Latest Revision: 2016-11-01

Note

This technote is a partial attempt to summarize an effort to characterize the viability of one approach to approximating and convolving PSF models. This work was ended when it became apparent the result would be inconclusive (in that a conclusive result would require re-running these tests after the sort of significant algorithm development we hoped this preliminary study would be able to either encourage or reject). Accordingly, this note describing the outcome is not as rigorous or as careful as it would have been if a conclusive result had been a possibility.

One of the most computationally expensive tasks in LSST’s data release processing is fitting PSF-convolved galaxy models to image data. The science requirements on this fitting are largely driven by weak graviational lensing; while there are many approaches to shear estimation for weak lensing, and it is hard to predict the state of the art a decade from now, the most advanced algorithms today use Monte Carlo or brute-force sampling of the posterior probability of PSF-convolved galaxy models. The computational cost of these algorithms is dominated by the cost of evaluating an image of a PSF-convolved galaxy model at a given point in parameter space, and while several approaches to PSF/galaxy convolution exist, all computationally feasible approaches require some approximations that may introduce subtle biases into shear estimation.
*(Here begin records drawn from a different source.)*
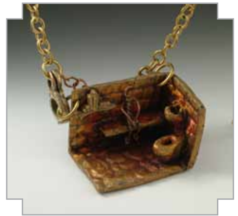
7.2 Cathy Logan Historical Confined Space | Pendant Bronze, Brass, China Paint | $100
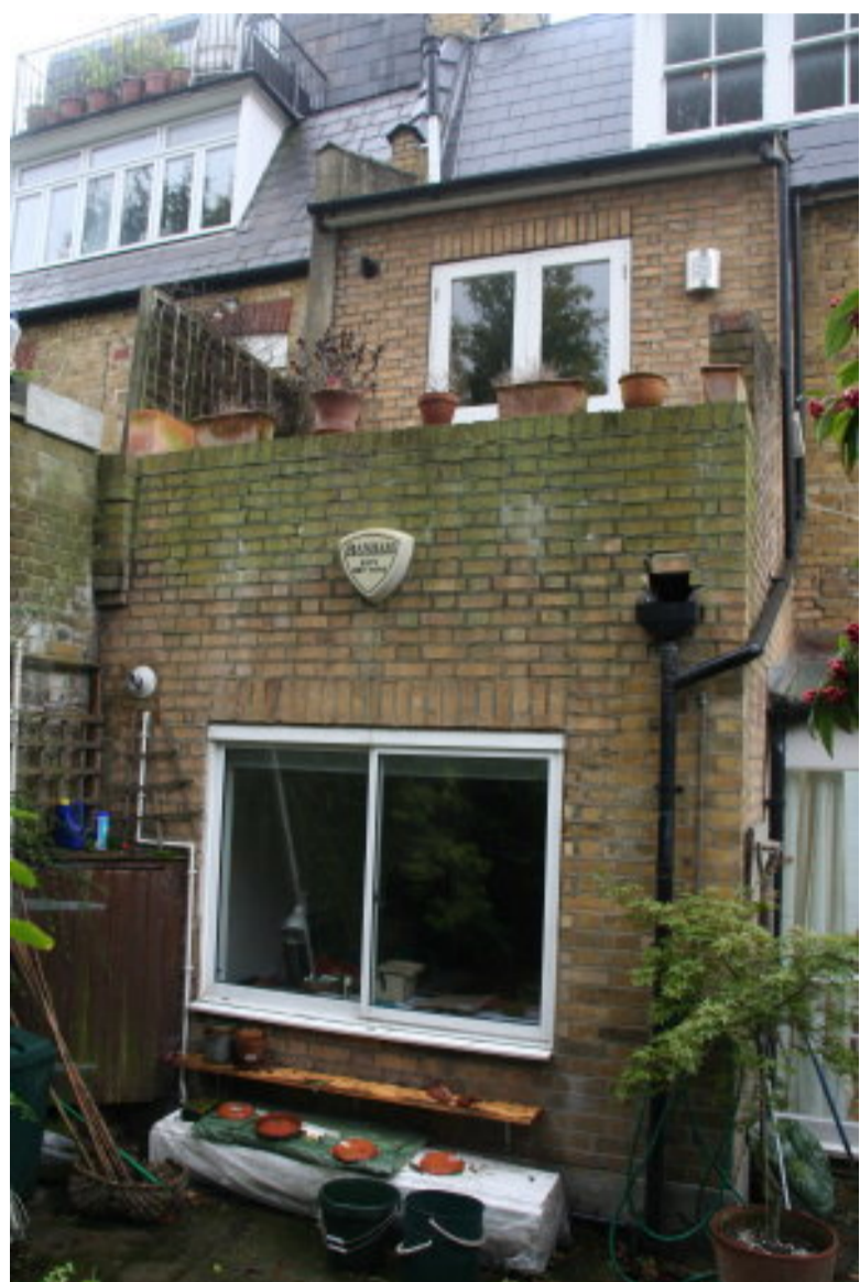
Photo 1: view of existing single storey rear extension to 41A Howitt Road and first floor extension above. rear of no. 43 is to the left.
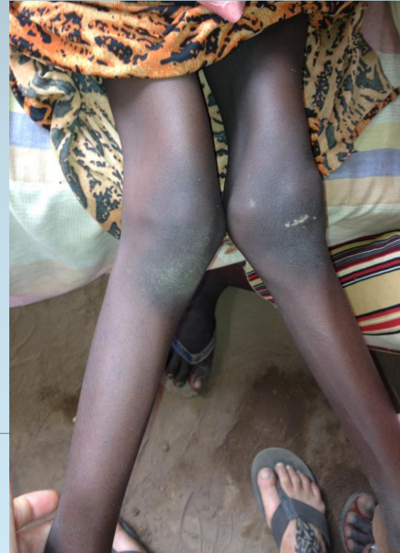
Disease Process? Rickets
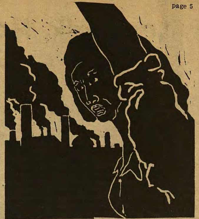
workers are women.

Since union leadership, for the most part, no longer serves the worker's interests, they help to promote bourgeois ideology, like male chauvinism, in the same way that the bosses do. To keep men and women from waging a united struggle, union misleaders have fostered the growth of separate unions based solely on sex. Specifically, this has occurred among telephone workers where men and women belong to separate unions. This separation has weakened their ability to unite and frequently they do not support one another during strikes. Male chauvinism has penetrated all levels of unionism. On the local level, women are discouraged from assuming leadership positions. This lesson was brought home to us by the SDS work-in. For example, in one office of Kaiser hospitals, where there are over fifty women and only a handful of men, the shop steward was a man. The entire local union hierarchy, in fact, except for one minor official, was composed of men. And this in an area - office and technical personnel - where the vast majority of
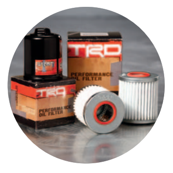
TRD Discover new adventures in performance with TRD accessories.
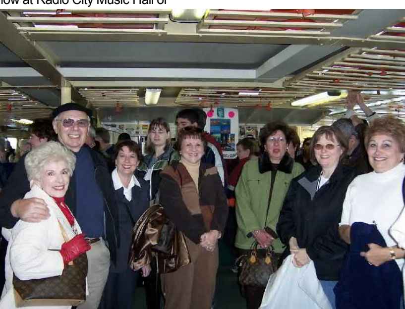
Members on the Ferry to Ellis Island

For more information about Ellis Island, visit: www.ellisisland.org
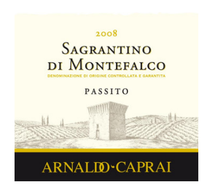
Sagrantino di Montefalco Passito 2008 Arnaldo Caprai (Umbria, Italy)

Food match: Fruit and cream tarts, Hard cheese

This document describes tests on one of these approaches, in which galaxy models are expanded as a linear combination of co-elliptical Gaussians and PSFs are approximated as a linear combination of multiple “shapelet” (Gauss-Hermite) functions. This extends the approach used in the “ngmix” algorithm ([Jarvis2016], [Sheldon2014]), which uses the same galaxy models and a Gaussian mixture to evaluate the PSF; our multi-shapelet approach replaces each Gaussian in such a mixture with a sum of Gaussian-polynomial products.
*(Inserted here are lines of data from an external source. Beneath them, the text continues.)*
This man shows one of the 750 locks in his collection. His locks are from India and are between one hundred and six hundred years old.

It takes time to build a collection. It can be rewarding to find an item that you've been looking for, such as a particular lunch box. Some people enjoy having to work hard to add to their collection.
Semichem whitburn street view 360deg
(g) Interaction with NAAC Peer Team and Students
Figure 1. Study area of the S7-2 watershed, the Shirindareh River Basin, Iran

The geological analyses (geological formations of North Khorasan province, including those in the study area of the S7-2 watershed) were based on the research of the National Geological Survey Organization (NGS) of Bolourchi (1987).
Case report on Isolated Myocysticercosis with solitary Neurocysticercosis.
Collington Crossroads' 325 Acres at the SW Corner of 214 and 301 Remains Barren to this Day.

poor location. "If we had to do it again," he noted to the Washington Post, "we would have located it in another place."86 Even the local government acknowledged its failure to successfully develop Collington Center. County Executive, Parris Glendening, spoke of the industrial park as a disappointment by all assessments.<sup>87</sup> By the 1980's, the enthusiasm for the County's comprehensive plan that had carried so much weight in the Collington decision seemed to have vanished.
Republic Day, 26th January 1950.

The viability of this approach depends crucially on the number of shapelet expansions required in the PSF approximation and the polynomial order of each of these; a large number of high-order expansions is too computationally expensive, while a simpler expansion may not adequately capture details of the PSF and hence introduce systematic errors.

This document describes a set of tests designed to investigate the viability of this approach, which depends on both our ability to represent the as-built LSST PSF with the multi-shapelet approach and the sensitivity of the shear measurements algorithm to inaccuracy in the PSF approximation. Given that neither the as-built LSST PSF nor a mature shear estimation algorithm based on this approach is available, these tests are very much preliminary; our goal is simply to investigate whether this approach merits future development, given LSST’s computational budget and science requirements.

We rely on the LSST PhoSim image simulator to generate an image of the PSF, which we then convolve with analytic galaxy models using GalSim (GalSim is much faster and easier to use than PhoSim, but lacks the ability to generate LSST PSF images on its own). These are then processed using the CModel galaxy-fitting algorithm, which uses a multi-shapelet PSF approximation determined by a fitter we simply call ShapeletPsfApprox (SPA). CModel was developed for the purpose of measuring galaxy colors, not shapes, but we can nevertheless make use of it here by noting that we are interested only in the change in shear estimation biases as we change the quality of the PSF approximation; any absolute bias in the CModel algorithm should simply cancel out.

Experimental Setup

Galaxy Shear Experiments Scripts

The framework for running these tests can be found in the repository https://github.com/lsst-dm/galaxy_shear_experiments. The README in this repository contains instructions for running this code.

Python scripts were used to automate the production of simulation images, the running of the measurement algorithm, and the analysis of the measured shear. The scripts allow single process mode, a parallel process mode on multiple core machines, and batch processing with a system such as the SLAC Batch Farm.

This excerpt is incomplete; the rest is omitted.